Tra le storie iniziate bene e finite male c’è sicuramente quella di Keon Clark un ragazzone di più di due metri che ha avuto il privilegio di giocare in NBA.

Figlio di una ragazza madre, Clark cresce in un complesso residenziale di Carver Park e, pur mancandogli la figura paterna, ha un’infanzia piuttosto felice: è uno studente come tanti che preferisce le battute e gli scherzi ai libri ma che riesce, grazie al talento e alla predisposizione per il basket, ad ottenere diverse borse di studio per il college. Sceglie l’università del Nevada, a Las Vegas e, finito il college, si rende eleggibile per il draft del ’98: viene scelto da Orlando con la scelta numero 13 ma viene girato subito ai Denver Nuggets, franchigia con la quale comincia ufficialmente la sua avventura nell’NBA.

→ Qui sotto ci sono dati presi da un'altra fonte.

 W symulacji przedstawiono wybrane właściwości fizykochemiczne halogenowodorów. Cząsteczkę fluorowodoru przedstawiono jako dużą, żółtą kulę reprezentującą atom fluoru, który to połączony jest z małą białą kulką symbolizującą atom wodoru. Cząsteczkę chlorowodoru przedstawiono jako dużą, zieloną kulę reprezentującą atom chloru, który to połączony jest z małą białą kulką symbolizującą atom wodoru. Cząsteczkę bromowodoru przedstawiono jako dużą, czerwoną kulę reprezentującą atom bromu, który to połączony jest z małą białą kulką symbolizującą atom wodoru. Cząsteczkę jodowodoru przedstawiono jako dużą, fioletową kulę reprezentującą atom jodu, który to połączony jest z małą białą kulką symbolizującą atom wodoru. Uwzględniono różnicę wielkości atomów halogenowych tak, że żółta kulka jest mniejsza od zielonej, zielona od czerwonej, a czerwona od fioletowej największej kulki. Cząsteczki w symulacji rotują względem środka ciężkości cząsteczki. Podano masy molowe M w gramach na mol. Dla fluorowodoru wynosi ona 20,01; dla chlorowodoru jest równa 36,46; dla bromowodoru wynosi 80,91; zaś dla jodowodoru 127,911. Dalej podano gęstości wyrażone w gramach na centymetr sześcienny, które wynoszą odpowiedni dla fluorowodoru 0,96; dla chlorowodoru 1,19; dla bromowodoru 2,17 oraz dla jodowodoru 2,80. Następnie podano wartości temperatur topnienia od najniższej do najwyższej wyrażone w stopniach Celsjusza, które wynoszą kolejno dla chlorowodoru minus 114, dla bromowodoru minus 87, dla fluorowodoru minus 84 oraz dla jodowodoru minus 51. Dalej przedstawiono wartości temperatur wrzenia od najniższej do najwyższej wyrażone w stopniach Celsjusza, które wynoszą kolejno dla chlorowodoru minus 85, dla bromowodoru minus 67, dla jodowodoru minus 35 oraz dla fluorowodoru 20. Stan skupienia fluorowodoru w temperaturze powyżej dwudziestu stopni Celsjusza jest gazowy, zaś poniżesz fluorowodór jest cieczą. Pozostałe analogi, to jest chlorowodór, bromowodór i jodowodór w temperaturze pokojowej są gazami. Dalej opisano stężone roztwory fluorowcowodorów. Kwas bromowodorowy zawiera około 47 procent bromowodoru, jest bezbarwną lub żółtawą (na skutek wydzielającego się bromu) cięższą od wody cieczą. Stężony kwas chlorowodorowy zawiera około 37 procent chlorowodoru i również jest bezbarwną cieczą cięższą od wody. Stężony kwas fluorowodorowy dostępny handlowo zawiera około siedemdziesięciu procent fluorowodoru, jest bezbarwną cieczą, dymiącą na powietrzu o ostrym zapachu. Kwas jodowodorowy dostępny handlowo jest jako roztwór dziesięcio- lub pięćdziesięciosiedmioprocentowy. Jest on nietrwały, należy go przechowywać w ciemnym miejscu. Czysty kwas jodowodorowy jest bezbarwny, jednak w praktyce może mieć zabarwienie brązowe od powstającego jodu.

Tutto bene direte voi. Insomma vi dico io. Perché tra i tanti difetti di Clark, oltre l’arrivare tardi in palestra ed avere qualche difficoltà ad integrarsi nel contesto di squadra, ha il brutto vizio di bere e, le rare volte che non è ubriaco, fuma marijuana. Clark ha iniziato a bere molto prima di arrivare in NBA, aveva il vizio già alle superiori quando studiava a Lincoln Park; dopo essere diventato professionista, vuoi per le pressioni esterne vuoi per i riflettori puntati addosso, la dipendenza di Clark è cresciuta a dismisura:

“Ho usato l’alcol come comodità, ma era un conforto artificiale”, spiega Clark in una recente intervista ammettendo che bere offuscava il suo giudizio e lo portava a prendere decisioni sbagliate. “La cosa peggiore che una persona possa dire a qualcuno che è dipendente è, ‘Smettila di farlo’. Nessuno mi ha mai chiesto: ‘Perché lo fai?’  Io stavo bevendo perché non riuscivo a trovare una soluzione per quello che stavo passando”.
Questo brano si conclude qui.